The preliminary approach to segmenting the population under study was designed to ensure that a sufficiently broad set of incidents and interviewees was included, from which we could capture a comprehensive set of data.

Incident Responders

First, the incident responders (or on-callers) were segmented into two distinct groups: SWEs (software engineers), who typically work with a product team, and SREs (Site Reliability Engineers), who are often responsible for the reliability of many products. These two groups were further segmented according to tenure at Google. We found the following behaviors across the different user cohorts:

SWE vs. SRE mental models and tools

• SWEs are more likely to consult logs earlier in their debugging workflow, where they look for errors that could indicate where a failure occurred.

• SREs rely on a more generic approach to debugging: Because SREs are often on call for multiple services, they apply a general approach to debugging based on known characteristics of their system(s). They look for common failure patterns across service health metrics (e.g., errors and latency for requests) to isolate where the issue is happening, and often dig into logs only if they're still uncertain about the best mitigation strategy.

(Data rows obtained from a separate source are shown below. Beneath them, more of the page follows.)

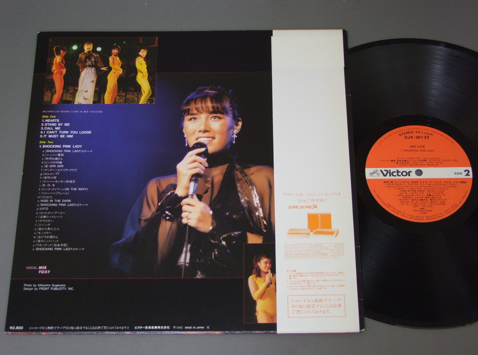 MIE/MIE LIVE SJX30133 製造国:日本盤 / Media:LP外観:EX+盤の状態:EX+帯:EX 価格(税込):¥1,320(売約済) 送料 7inch:定形外郵便 360円~LP:定形外郵便 660円~送料は、注文の最終画面で確認頂けます。 > > MIE/MIE LIVE 外観 (EX+)特記事項:特記なし。外観EX+の共通説明:中古としては美品、一見してきれいでダメージが軽微。シミ、ヨゴレ、スレ有っても僅か~少し。 盤の状態 (EX+)特記事項:極薄いスリキズ・スレ少し。一見してきれいな状態です。盤EX+の共通説明:盤面の極薄いスリキズ、スレ少し程度 音に出そうなものは無いように見える(極軽微なソフトティック音は除く)。 帯の状態 (EX):表の上ヘリ付近にステッカー跡 その他:PINK LADY Tweet それぞれの画像をクリックすると、大きい写真が見られます こちらの商品もお勧めです 770円 `SHOW` AIKAWA哀川翔 / ANTITHESE TRAIN ANTITHESE FLIGHTアンチテーゼ・トレイン アンチテーゼフライト 1,320円 TAKASHI SATO佐藤隆 / NUIT DU SAMEDI ET MATIN DU DIMANCHE土曜の夜と日曜の朝 880円 CHAGE & ASUKAチャゲ&飛鳥 / LIVE IN TOKYO 81LIVE IN 田園コロシアム THE 夏祭り `81 1,320円 BOROボロ / COMING SOON 770円 YOSHIYUKI OHSAWA大沢誉志幸 / IN・FIN・ITY 1,210円 MIYUKI NAKAJIMA中島みゆき / OKAERINASAIおかえりなさい 1,650円 YUMI ARAI etc荒井由実他 / YUMING SUMMER SONG BOOKユーミン・サマー・ソング・ブック 770円 KUMIKO YAMASHITA山下久美子 / BABY BABY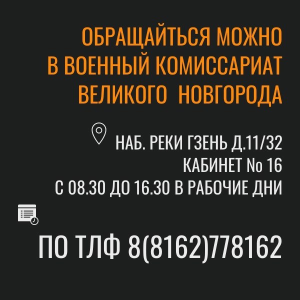 Для получения направления на обучение обращайтесь в военный комиссариат Великого Новгорода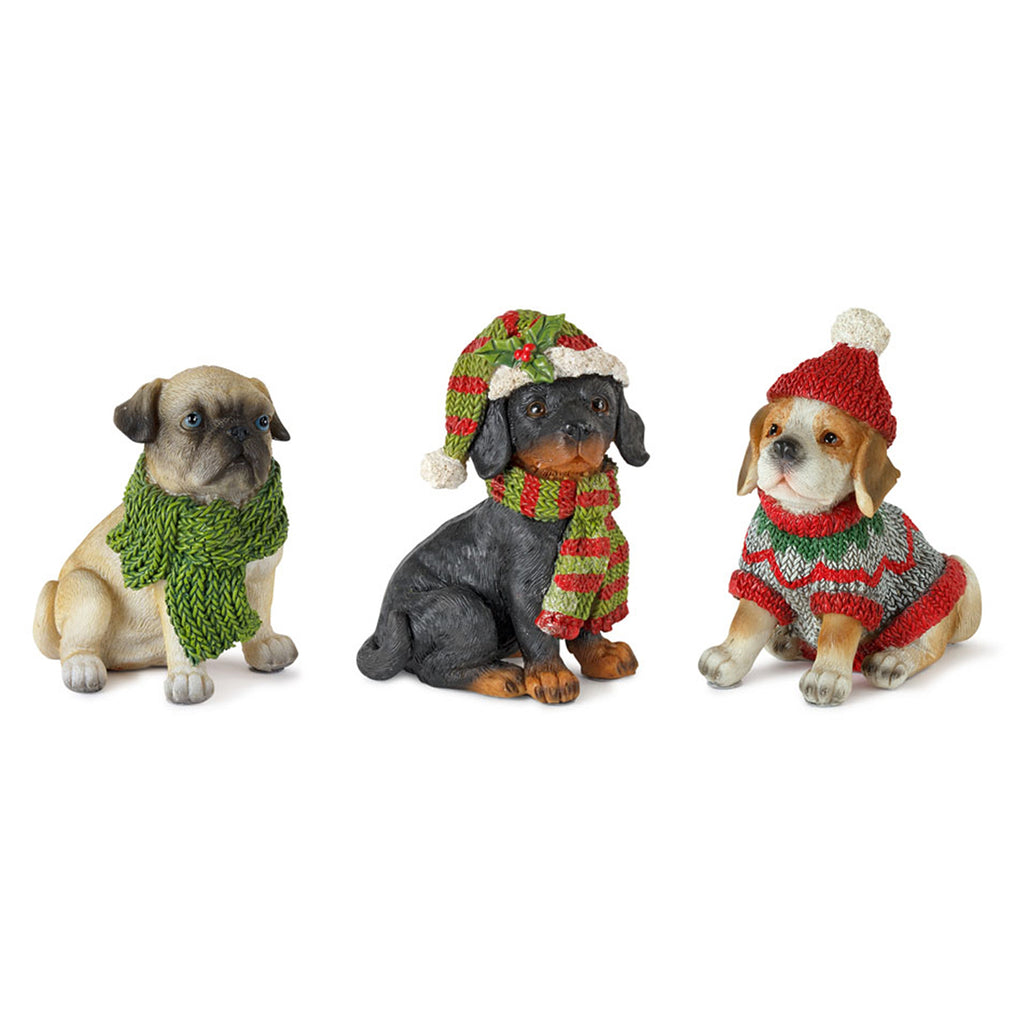 Add a whimsical touch to your holiday home decor with this adorable set of Winter Dog Figurines. Featuring three assorted dog designs, the furry friends included in this set are the pug, dachshund, and beagle. The brightly colored hats and scarved paired with the realistic painted finish the the perfect combination to create a beautiful Christmas piece. Display the pieces together to make a statement, or display along with other decor to spread the holiday cheer.

Experience level of the incident responder

• Newer engineers are more likely to use recently developed tools, while engineers with extensive experience (ten or more years running complex, distributed systems at Google) tend to use more legacy tools. Intuitively, this finding makes sense—people tend to use the tools they are most comfortable with, particularly in emergency situations.

Incident Types

We also examined incidents across the following dimensions, and found some common patterns for each:

• Scale and complexity. The larger the blast radius (i.e., its location(s), the affected systems, the importance of the user journey affected, etc.) of the problem, the more complex the issue.

• Size of the responding team. As more people are involved in an investigation, communication channels among teams grow, and tighter collaboration and handoffs between teams become even more critical.

• Underlying cause. On-callers are likely to respond to symptoms that map to six common underlying issues: capacity problems; code changes; configuration changes; dependency issues (a system/service my system/service depends on is broken); underlying infrastructure issues (network or servers are down); and external traffic issues. Our investigation intentionally did not look at security or data-correctness issues since they were outside the scope of the tools focused on in this work.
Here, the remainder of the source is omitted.